Dataset entries Start Marker

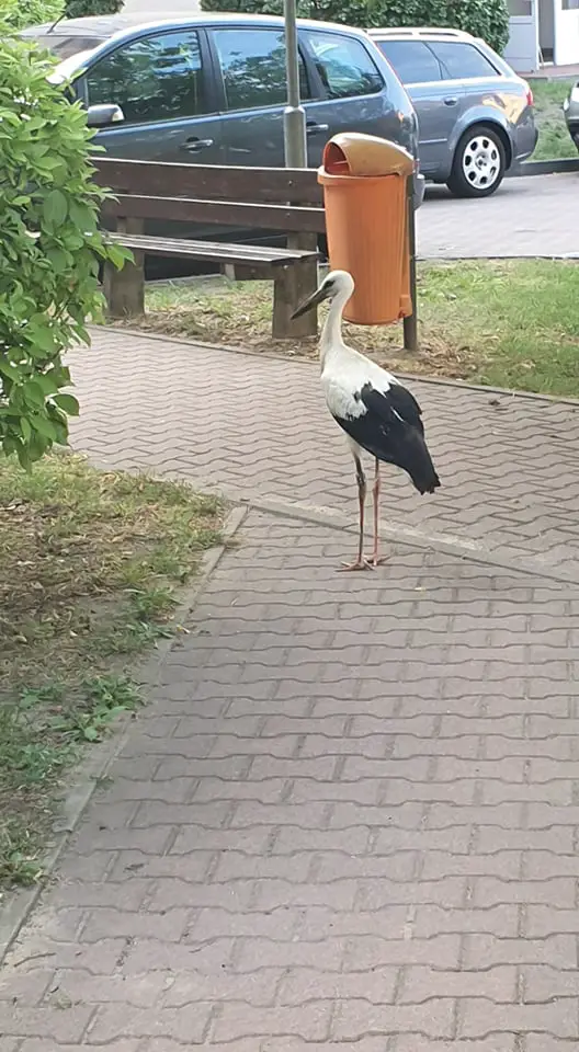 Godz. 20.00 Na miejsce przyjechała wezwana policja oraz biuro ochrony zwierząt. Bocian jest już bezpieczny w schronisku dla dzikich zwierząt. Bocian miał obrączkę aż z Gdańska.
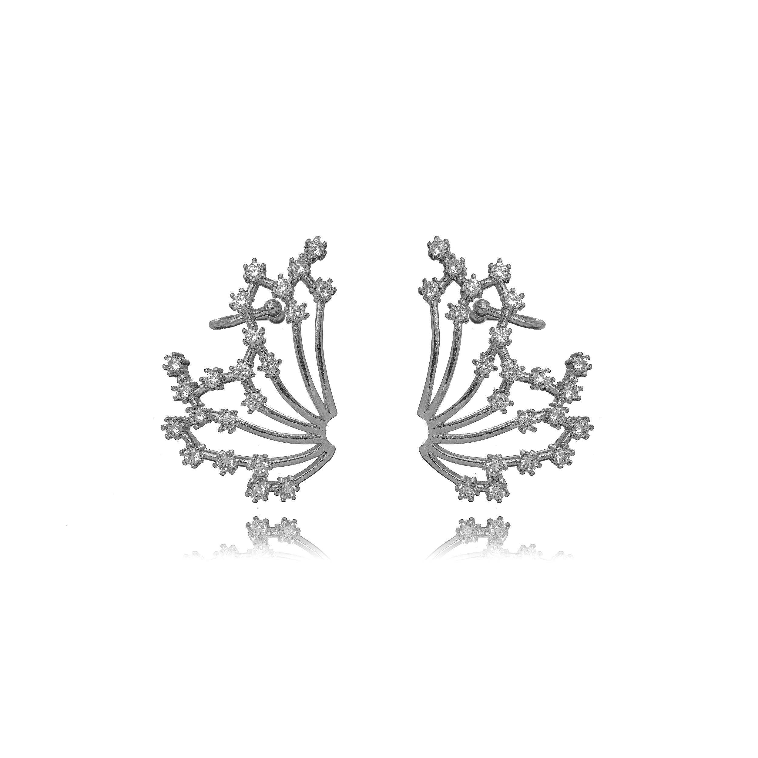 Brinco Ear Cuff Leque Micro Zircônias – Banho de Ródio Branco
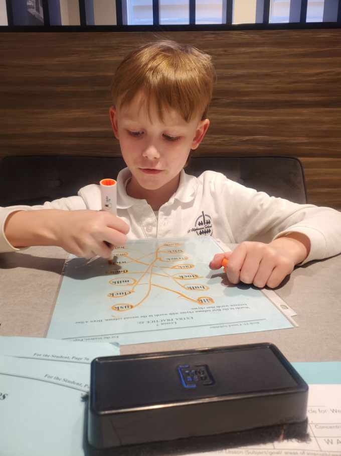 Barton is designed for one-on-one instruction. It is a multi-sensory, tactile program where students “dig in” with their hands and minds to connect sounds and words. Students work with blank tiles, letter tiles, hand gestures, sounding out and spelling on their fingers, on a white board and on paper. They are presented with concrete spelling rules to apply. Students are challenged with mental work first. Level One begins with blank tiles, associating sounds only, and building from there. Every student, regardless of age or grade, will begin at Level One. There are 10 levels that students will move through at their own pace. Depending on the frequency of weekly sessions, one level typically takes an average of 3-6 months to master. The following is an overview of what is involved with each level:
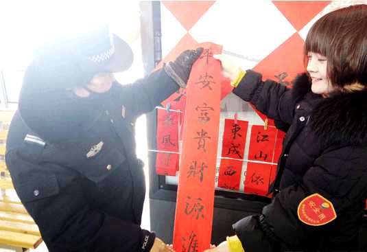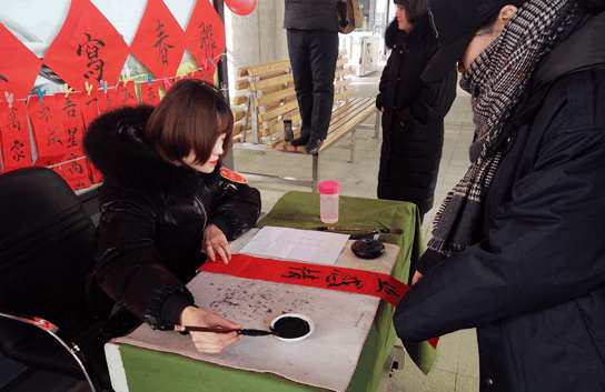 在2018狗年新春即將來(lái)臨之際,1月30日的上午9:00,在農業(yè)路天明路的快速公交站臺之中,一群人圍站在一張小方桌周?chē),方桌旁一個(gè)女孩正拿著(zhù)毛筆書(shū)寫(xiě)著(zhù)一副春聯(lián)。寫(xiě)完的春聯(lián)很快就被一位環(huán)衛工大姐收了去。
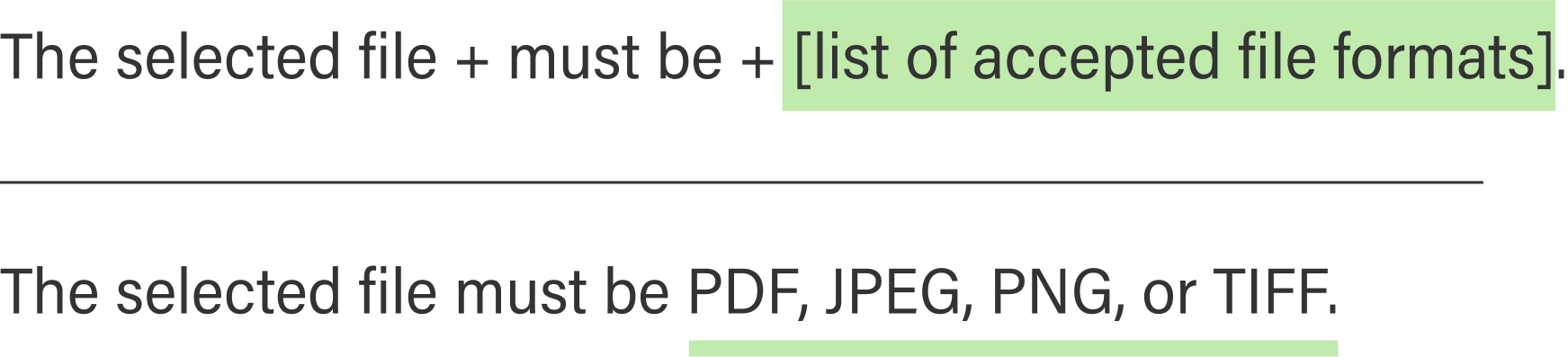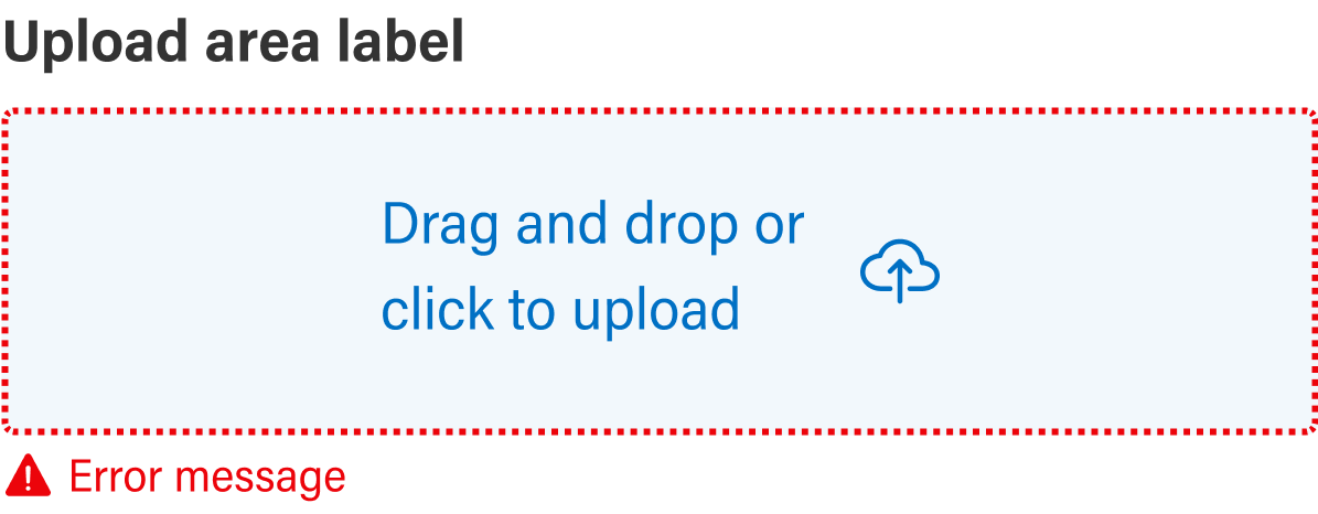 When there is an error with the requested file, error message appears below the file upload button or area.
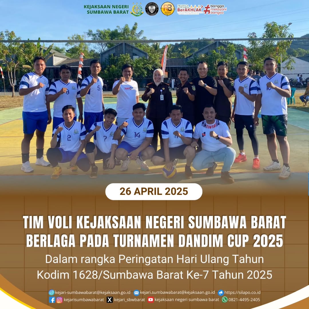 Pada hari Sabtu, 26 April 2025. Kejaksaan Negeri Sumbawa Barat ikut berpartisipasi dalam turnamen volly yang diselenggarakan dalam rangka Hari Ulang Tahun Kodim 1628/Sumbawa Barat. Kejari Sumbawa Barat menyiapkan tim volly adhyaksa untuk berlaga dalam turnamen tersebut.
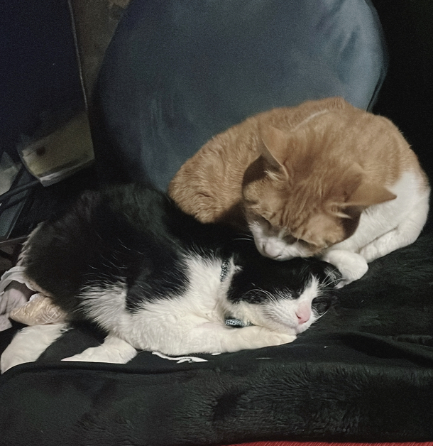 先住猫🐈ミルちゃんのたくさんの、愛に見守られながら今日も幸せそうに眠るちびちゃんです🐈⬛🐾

Dataset entries End Marker
Dataset entries Start Marker

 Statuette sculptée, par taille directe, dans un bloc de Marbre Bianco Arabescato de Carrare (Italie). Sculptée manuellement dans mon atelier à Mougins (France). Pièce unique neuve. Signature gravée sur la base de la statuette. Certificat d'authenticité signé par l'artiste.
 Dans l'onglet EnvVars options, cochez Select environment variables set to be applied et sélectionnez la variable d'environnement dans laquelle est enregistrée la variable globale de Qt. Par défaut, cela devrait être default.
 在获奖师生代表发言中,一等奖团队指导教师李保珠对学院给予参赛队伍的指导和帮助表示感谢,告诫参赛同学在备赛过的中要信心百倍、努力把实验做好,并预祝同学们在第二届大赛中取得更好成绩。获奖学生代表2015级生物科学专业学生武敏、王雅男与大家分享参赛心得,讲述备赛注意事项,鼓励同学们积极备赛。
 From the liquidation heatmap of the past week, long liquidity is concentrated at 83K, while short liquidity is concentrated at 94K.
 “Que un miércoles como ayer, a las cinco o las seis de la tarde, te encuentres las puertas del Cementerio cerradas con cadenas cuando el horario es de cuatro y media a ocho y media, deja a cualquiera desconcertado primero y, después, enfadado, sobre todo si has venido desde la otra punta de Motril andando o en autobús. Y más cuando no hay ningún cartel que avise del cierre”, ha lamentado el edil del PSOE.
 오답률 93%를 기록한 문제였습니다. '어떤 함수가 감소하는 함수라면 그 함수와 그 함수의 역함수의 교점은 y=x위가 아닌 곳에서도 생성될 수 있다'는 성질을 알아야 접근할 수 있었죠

Dataset entries End Marker

» **Task prompt**:
Which lines of the material above hold the string "dans"? Pull them out.

» **Solution below**:
 Statuette sculptée, par taille directe, dans un bloc de Marbre Bianco Arabescato de Carrare (Italie). Sculptée manuellement dans mon atelier à Mougins (France). Pièce unique neuve. Signature gravée sur la base de la statuette. Certificat d'authenticité signé par l'artiste.
 Dans l'onglet EnvVars options, cochez Select environment variables set to be applied et sélectionnez la variable d'environnement dans laquelle est enregistrée la variable globale de Qt. Par défaut, cela devrait être default.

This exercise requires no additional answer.